Work instruction »
Could you write out exactly, and only, the lines from the one containing "アウフグースフェスのVIP席" through the last line of the data, leaving out all pictures?

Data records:

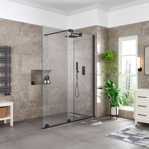 Sliding wetroom panels create the illusion of a shower enclosure being installed within a wetroom space. The smooth sliding mechanism of the Aqua i Glide panel is designed for ease of use and space efficiency, as well as offering a minimalistic design with bottom only rollers.
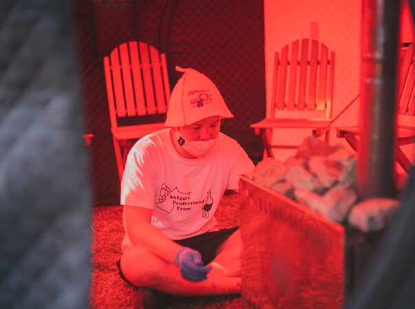 アウフグースフェスのVIP席となっております。通常のアウフグースフェスにプラスして自分たちだけのテントサウナをお楽しみできます。
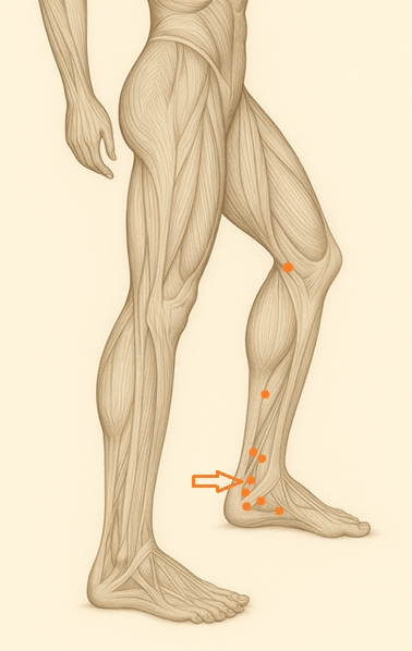 アキレス腱、後脛骨筋腱、長趾屈筋腱
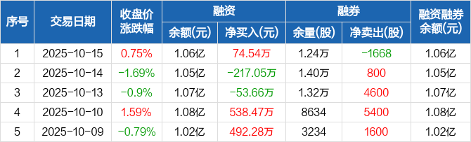 融资方面,当日融资买入481.82万元,融资偿还407.28万元,融资净买入74.54万元。融券方面,融券卖出0股,融券偿还1668股,融券余量1.24万股,融券余额21.68万元。融资融券余额合计1.06亿元。
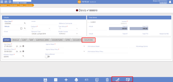 Votre logiciel de location myrentcar propose une signature électronique des documents commerciaux (devis, réservations, …).

Solution to the problem »
 アウフグースフェスのVIP席となっております。通常のアウフグースフェスにプラスして自分たちだけのテントサウナをお楽しみできます。
 アキレス腱、後脛骨筋腱、長趾屈筋腱
 融资方面,当日融资买入481.82万元,融资偿还407.28万元,融资净买入74.54万元。融券方面,融券卖出0股,融券偿还1668股,融券余量1.24万股,融券余额21.68万元。融资融券余额合计1.06亿元。
 Votre logiciel de location myrentcar propose une signature électronique des documents commerciaux (devis, réservations, …).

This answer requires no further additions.